**Task statement**:
Could you return each line from the one bearing "WC Sitz D-Form" through the last line of the entries, exactly as it stands, with no pictures?

**Material for the task**:
*** Block opens ***
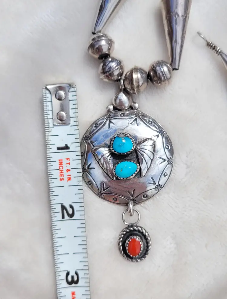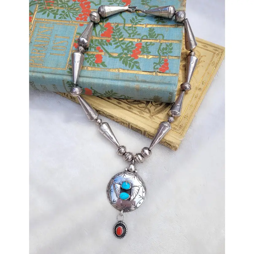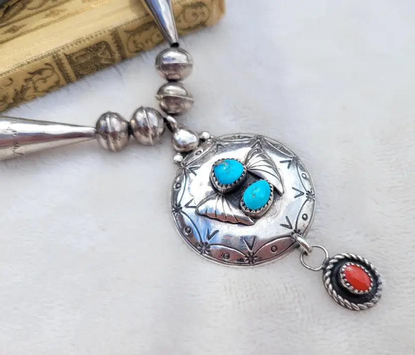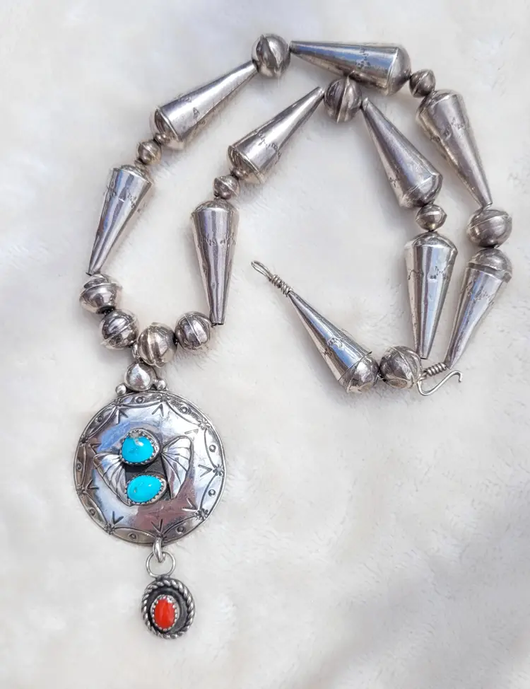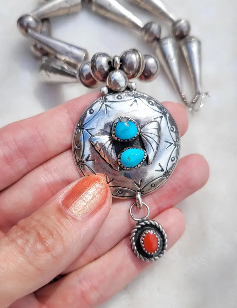 Huge, stunning statement of a piece comprised of a whopping 46 grams of pure sterling silver along with turquoise and coral stones on the pendant! This gorgeous piece of art is signed by the artisan but I've been unable to determine exactly who that is. This came from an estate collection of Native jewelry items and I'm estimating it is 1970s. It's in really good condition and looks incredible when worn. Please see pictures for details and measurements.
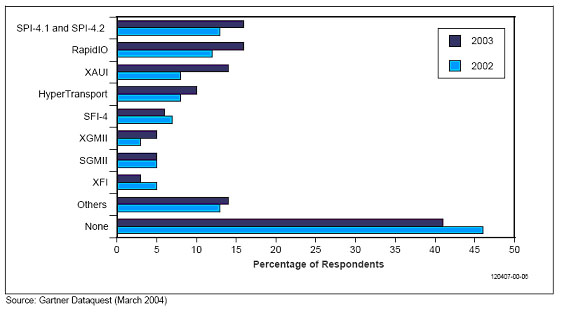 -2003年SPI-4.1和SPI-4.2使用的增加意味著在通信線路卡上標(biāo)準(zhǔn)接口應(yīng)用增長,使得專用和基于專用標(biāo)準(zhǔn)電路功能的結(jié)合更加靈活。
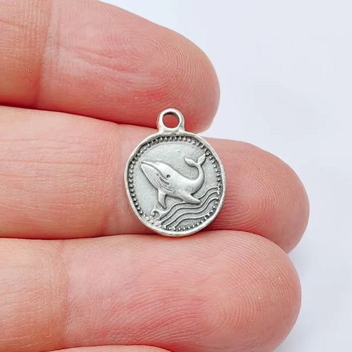 Antique silver plated whale charm featuring a detailed ocean-inspired design on both sides. This round pendant showcases a graceful whale above sty...
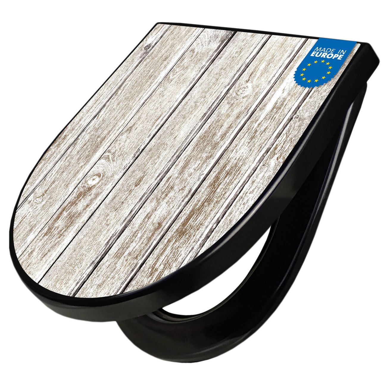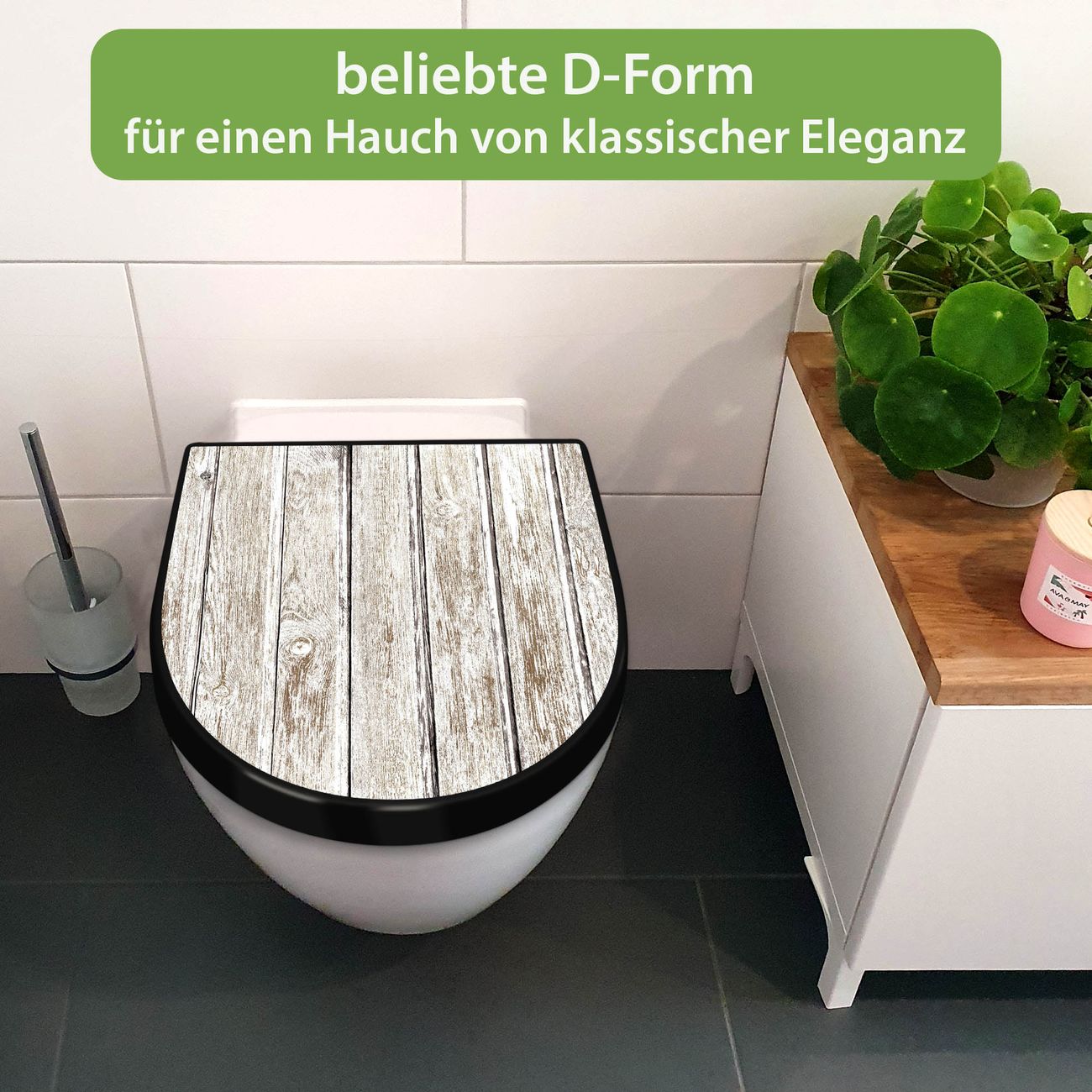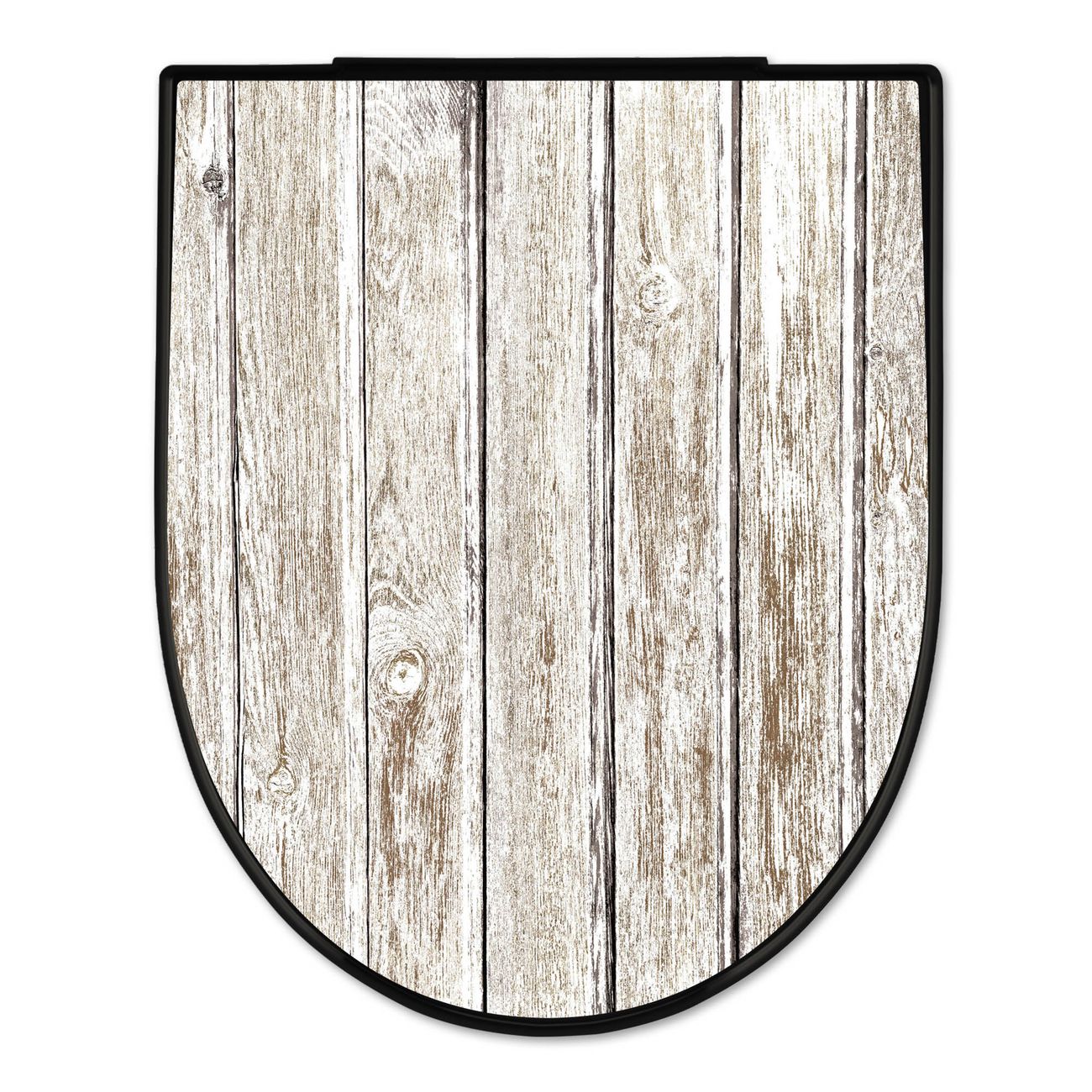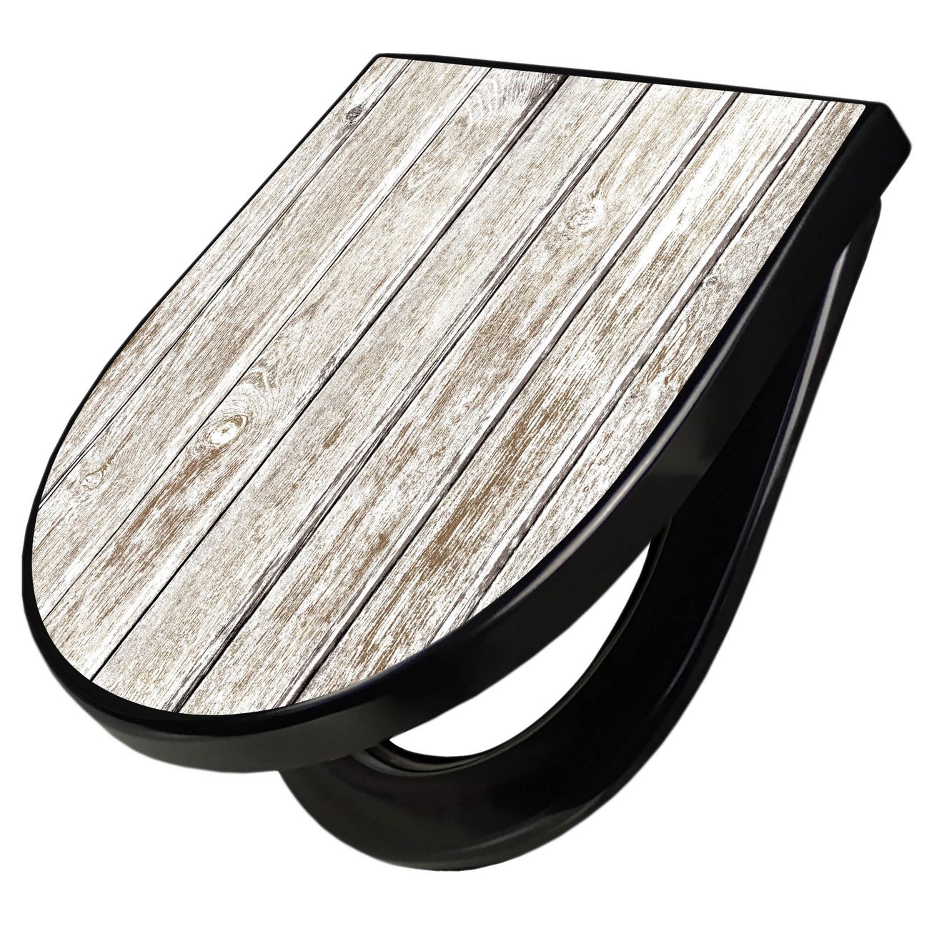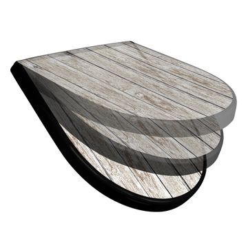 WC Sitz D-Form Schwarz mit Absenkautomatik Motiv Weißes Holz
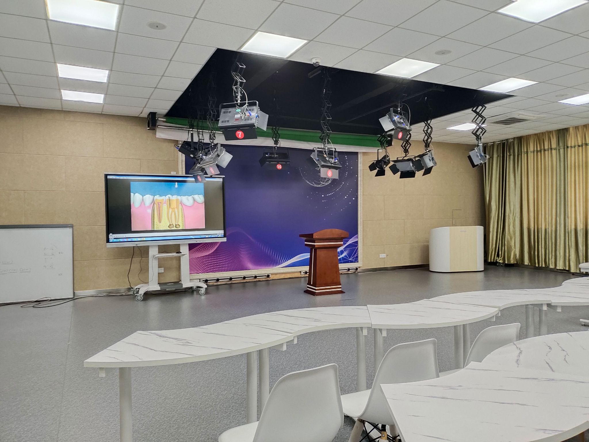 通过 VR/AR 构建一个三维沉浸式虚拟教学环境或虚实结合教学环境,方便教学交互,结合人工智能及大数据,综合构建多人互动 VR 教室,提供 VR 内容制作平台,教室安装专业灯光,提供三机位视频拍摄,可实现精品录播和虚拟录播功能。36座,由江西小核桃合作建设。
*** Block closes ***
**Exercise solution**:
 WC Sitz D-Form Schwarz mit Absenkautomatik Motiv Weißes Holz
 通过 VR/AR 构建一个三维沉浸式虚拟教学环境或虚实结合教学环境,方便教学交互,结合人工智能及大数据,综合构建多人互动 VR 教室,提供 VR 内容制作平台,教室安装专业灯光,提供三机位视频拍摄,可实现精品录播和虚拟录播功能。36座,由江西小核桃合作建设。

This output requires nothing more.